### EXERCISE GOAL
Leave out the pictures, then return the records word for word.

### MATERIAL FOR THIS EXERCISE

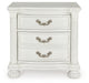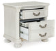Transform your inner sanctum into a haven of timeless elegance and functionality. This traditionally styled nightstand is adorned in a classic antiqued white finish, highlighted by a serpentine-shaped front with thick decorative moulding. Its drawers are packed with ample storage possibilities, and a hidden pull-out tray behind the bottom drawer puts your small valuables out of sight. And did we mention the stylish reeded bun feet? Talk about relaxed refinement.
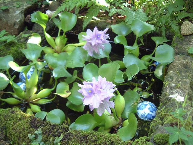 スザンさんの庭先の水草。日本の美をイギリス風にアレンジした感じがステキでした。 |
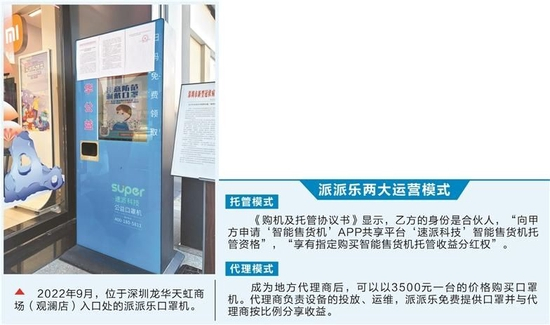 多位生产口罩机的业内人士告诉证券时报记者,疫情开始后冒出了上百家口罩机公司,运营模式各有不同。有的以销售机器为主,有的类似共享充电宝的加盟模式,类似派派乐打着公益旗号的公司也不少见。
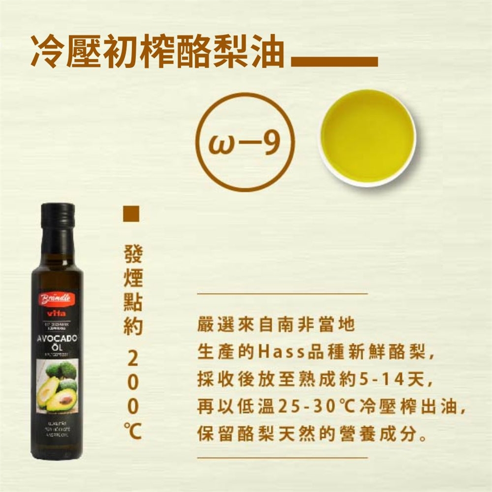 以低溫25-30℃冷壓榨出油,保留酪梨天然的營養成分。
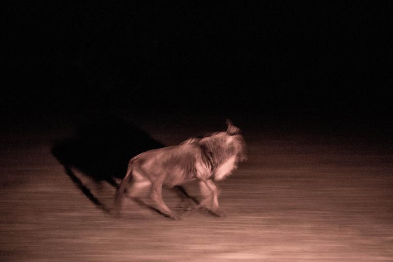 Keywords: kenya maasai mara national reserve ol kinyei porini gamewatchers wildlife management nature conservation environment conservancy employment community guide tracker tourism tourists safari holiday monochrome KENYA, Ol Kinyei, Maasai Mara: In a photograph taken by Make It Kenya 13 June 2015, a Wildebeest is illuminated in an infra-red torch light at night in the Ol Kinyei Conservancy in Kenya's Maasai Mara. The management of Ol Kinyei and similar conservancies bordering the Maasai Mara National Reserve and in other areas of Kenya is an alternative approach to wildlife conservation. The land on which the conservancies are located is leased from local communities who directly benefit from its use to naturally host and protect wildlife populations. The privately owned and managed conservancies also offer employment to members of these communities and further opportunity of training in different areas of expertise from guides and trackers to chefs and camp management. Strict regulation of visitor numbers and the construction of camps inside the conservancies also limit the amount of people and vehicles present at any given time, offering tourists a much more personal and exclusive wildlife safari experience while at the same time reducing stress on and the disturbance of wildlife populations, which quickly begin to return and repopulate areas and land transformed under the conservancy model. MANDATORY CREDIT: MAKE IT KENYA PHOTO / STUART PRICE. KENYA, Ol Kinyei, Maasai Mara: In a photograph taken by Make It Kenya 13 June 2015, a Wildebeest is illuminated in an infra-red torch light at night in the Ol Kinyei Conservancy in Kenya's Maasai Mara. The management of Ol Kinyei and similar conservancies bordering the Maasai Mara National Reserve and in other areas of Kenya is an alternative approach to wildlife conservation. The land on which the conservancies are located is leased from local communities who directly benefit from its use to naturally host and protect wildlife populations. The privately owned and managed conservancies also offer employment to members of these communities and further opportunity of training in different areas of expertise from guides and trackers to chefs and camp management. Strict regulation of visitor numbers and the construction of camps inside the conservancies also limit the amount of people and vehicles present at any given time, offering tourists a much more personal and exclusive wildlife safari experience while at the same time reducing stress on and the disturbance of wildlife populations, which quickly begin to return and repopulate areas and land transformed under the conservancy model. MANDATORY CREDIT: MAKE IT KENYA PHOTO / STUART PRICE.
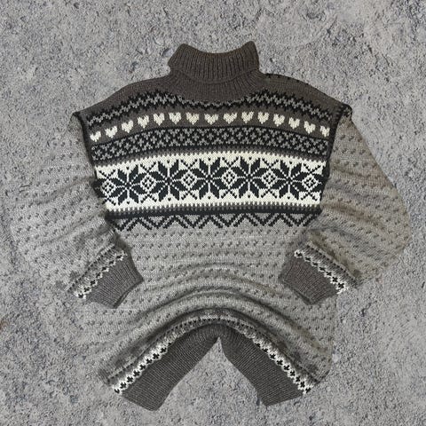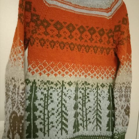 Pikkuinen reikä oikeassa hihassa, jonka mahdollinen korjaaminen jää taitavammalle. Tummansininen. Ilmeisesti unisex; ainakin on just samanlainen kuin miehen armeijaneuleet.
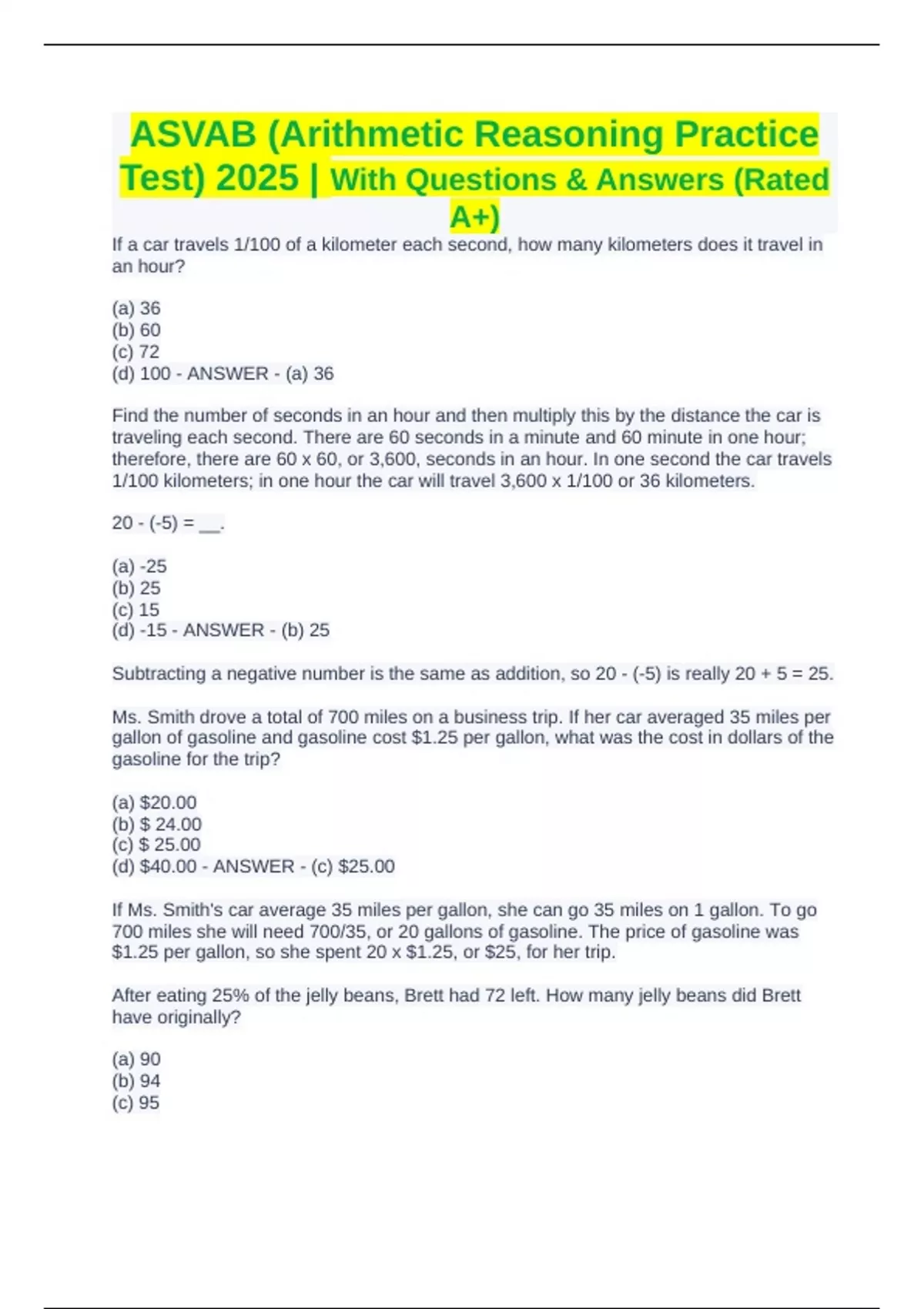 If a car travels 1/100 of a kilometer each second, how many kilometers does it travel in an hour? (a) 36 (b) 60 (c) 72 (d) 100 - ANSWER - (a) 36 Find the number of seconds in an hour and then multiply this by the distance the car is traveling each second. There are 60 seconds in a minute and 60 minute in one hour; therefore, there are 60 x 60, or 3,600, seconds in an hour. In one second the car travels 1/100 kilometers; in one hour the car will travel 3,600 x 1/100 or 36 kilometers. 20 - (-5) = __. (a) -25 (b) 25 (c) 15 (d) -15 - ANSWER - (b) 25 Subtracting a negative number is the same as addition, so 20 - (-5) is really 20 + 5 = 25. Ms. Smith drove a total of 700 miles on a business trip. If her car averaged 35 miles per gallon of gasoline and gasoline cost $1.25 per gallon, what was the cost in dollars of the gasoline for the trip? (a) $20.00 (b) $ 24.00 (c) $ 25.00 (d) $40.00 - ANSWER - (c) $25.00
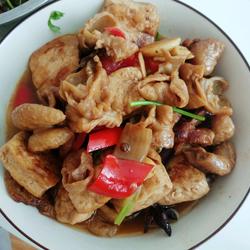 3.Add an appropriate amount of oil to the pot, add ginger slices, add the sausage, fry until the sausage turns slightly yellow, add aniseed, then gradually add garlic, onion, dried chili pepper, and red pepper and stir-fry until fragrant, then add Stir-fry the cooking wine, oyster sauce and dark soy sauce, then add the fried tofu.Stir-fry lightly, add an appropriate amount of boiling water, bring to a boil over high heat, then turn to low heat and simmer
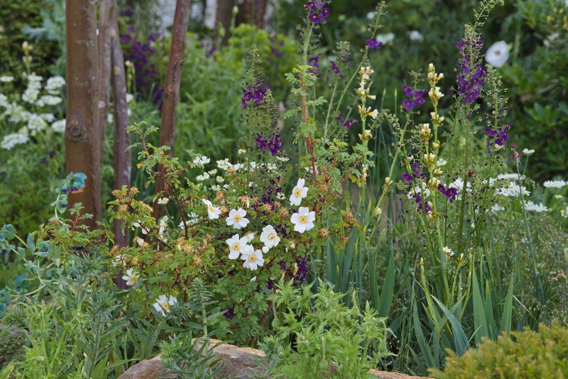 - Orlaya grandiflora, Rosa spinosissima, Sisyrinchium striatum, Verbascum phoeniceum 'Violetta'
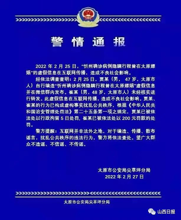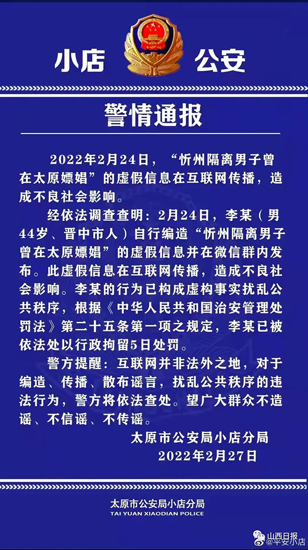 2月27日,太原市公安局小店分局、尖草坪分局,發(fā)布警情通報稱,三名男子因編造、傳播“忻州隔離男子曾在太原嫖娼”的虛假信息在互聯(lián)網傳播,造成不良社會影響,分別拘留、罰款處罰。
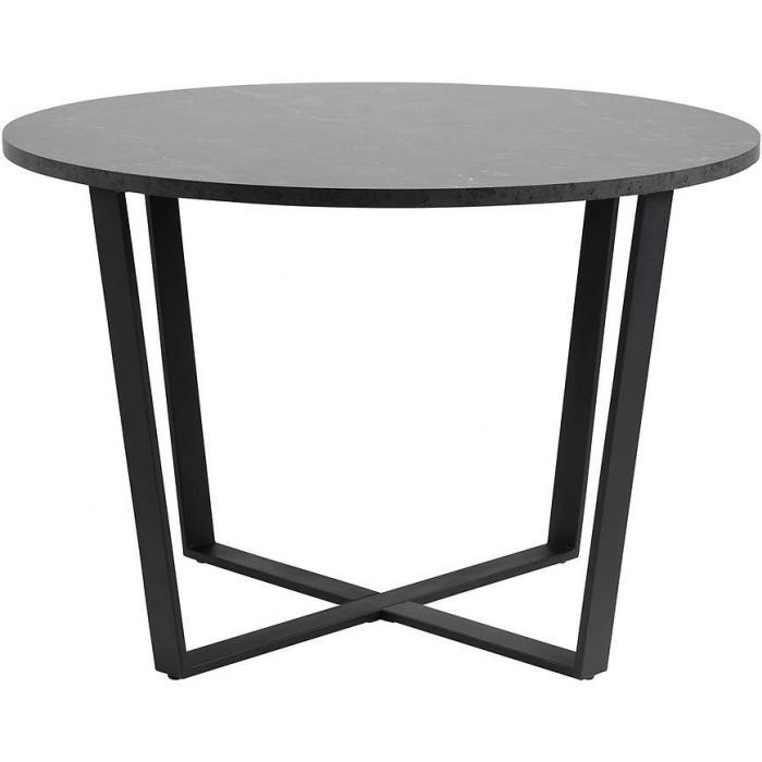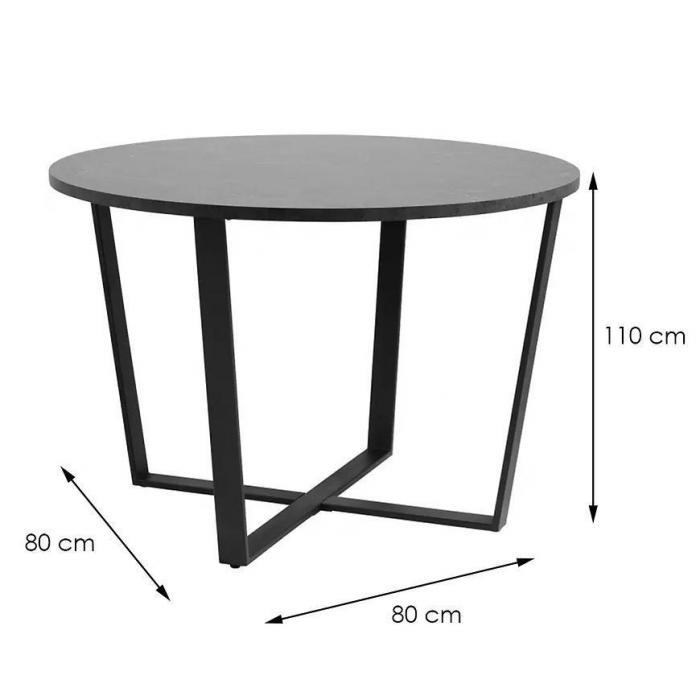 Okrągły stół 110x75 cm, blat MDF w kolorze czarny marmur, matowe wykończenie, nierozkładany, stelaż metalowy, styl nowoczesny, komfortowy dla 4-6 osób, łatwy w utrzymaniu.

### WRITTEN SOLUTION
Transform your inner sanctum into a haven of timeless elegance and functionality. This traditionally styled nightstand is adorned in a classic antiqued white finish, highlighted by a serpentine-shaped front with thick decorative moulding. Its drawers are packed with ample storage possibilities, and a hidden pull-out tray behind the bottom drawer puts your small valuables out of sight. And did we mention the stylish reeded bun feet? Talk about relaxed refinement.
 スザンさんの庭先の水草。日本の美をイギリス風にアレンジした感じがステキでした。 |
 多位生产口罩机的业内人士告诉证券时报记者,疫情开始后冒出了上百家口罩机公司,运营模式各有不同。有的以销售机器为主,有的类似共享充电宝的加盟模式,类似派派乐打着公益旗号的公司也不少见。
 以低溫25-30℃冷壓榨出油,保留酪梨天然的營養成分。
 Keywords: kenya maasai mara national reserve ol kinyei porini gamewatchers wildlife management nature conservation environment conservancy employment community guide tracker tourism tourists safari holiday monochrome KENYA, Ol Kinyei, Maasai Mara: In a photograph taken by Make It Kenya 13 June 2015, a Wildebeest is illuminated in an infra-red torch light at night in the Ol Kinyei Conservancy in Kenya's Maasai Mara. The management of Ol Kinyei and similar conservancies bordering the Maasai Mara National Reserve and in other areas of Kenya is an alternative approach to wildlife conservation. The land on which the conservancies are located is leased from local communities who directly benefit from its use to naturally host and protect wildlife populations. The privately owned and managed conservancies also offer employment to members of these communities and further opportunity of training in different areas of expertise from guides and trackers to chefs and camp management. Strict regulation of visitor numbers and the construction of camps inside the conservancies also limit the amount of people and vehicles present at any given time, offering tourists a much more personal and exclusive wildlife safari experience while at the same time reducing stress on and the disturbance of wildlife populations, which quickly begin to return and repopulate areas and land transformed under the conservancy model. MANDATORY CREDIT: MAKE IT KENYA PHOTO / STUART PRICE. KENYA, Ol Kinyei, Maasai Mara: In a photograph taken by Make It Kenya 13 June 2015, a Wildebeest is illuminated in an infra-red torch light at night in the Ol Kinyei Conservancy in Kenya's Maasai Mara. The management of Ol Kinyei and similar conservancies bordering the Maasai Mara National Reserve and in other areas of Kenya is an alternative approach to wildlife conservation. The land on which the conservancies are located is leased from local communities who directly benefit from its use to naturally host and protect wildlife populations. The privately owned and managed conservancies also offer employment to members of these communities and further opportunity of training in different areas of expertise from guides and trackers to chefs and camp management. Strict regulation of visitor numbers and the construction of camps inside the conservancies also limit the amount of people and vehicles present at any given time, offering tourists a much more personal and exclusive wildlife safari experience while at the same time reducing stress on and the disturbance of wildlife populations, which quickly begin to return and repopulate areas and land transformed under the conservancy model. MANDATORY CREDIT: MAKE IT KENYA PHOTO / STUART PRICE.
 Pikkuinen reikä oikeassa hihassa, jonka mahdollinen korjaaminen jää taitavammalle. Tummansininen. Ilmeisesti unisex; ainakin on just samanlainen kuin miehen armeijaneuleet.
 If a car travels 1/100 of a kilometer each second, how many kilometers does it travel in an hour? (a) 36 (b) 60 (c) 72 (d) 100 - ANSWER - (a) 36 Find the number of seconds in an hour and then multiply this by the distance the car is traveling each second. There are 60 seconds in a minute and 60 minute in one hour; therefore, there are 60 x 60, or 3,600, seconds in an hour. In one second the car travels 1/100 kilometers; in one hour the car will travel 3,600 x 1/100 or 36 kilometers. 20 - (-5) = __. (a) -25 (b) 25 (c) 15 (d) -15 - ANSWER - (b) 25 Subtracting a negative number is the same as addition, so 20 - (-5) is really 20 + 5 = 25. Ms. Smith drove a total of 700 miles on a business trip. If her car averaged 35 miles per gallon of gasoline and gasoline cost $1.25 per gallon, what was the cost in dollars of the gasoline for the trip? (a) $20.00 (b) $ 24.00 (c) $ 25.00 (d) $40.00 - ANSWER - (c) $25.00
 3.Add an appropriate amount of oil to the pot, add ginger slices, add the sausage, fry until the sausage turns slightly yellow, add aniseed, then gradually add garlic, onion, dried chili pepper, and red pepper and stir-fry until fragrant, then add Stir-fry the cooking wine, oyster sauce and dark soy sauce, then add the fried tofu.Stir-fry lightly, add an appropriate amount of boiling water, bring to a boil over high heat, then turn to low heat and simmer
 - Orlaya grandiflora, Rosa spinosissima, Sisyrinchium striatum, Verbascum phoeniceum 'Violetta'
 2月27日,太原市公安局小店分局、尖草坪分局,發(fā)布警情通報稱,三名男子因編造、傳播“忻州隔離男子曾在太原嫖娼”的虛假信息在互聯(lián)網傳播,造成不良社會影響,分別拘留、罰款處罰。
 Okrągły stół 110x75 cm, blat MDF w kolorze czarny marmur, matowe wykończenie, nierozkładany, stelaż metalowy, styl nowoczesny, komfortowy dla 4-6 osób, łatwy w utrzymaniu.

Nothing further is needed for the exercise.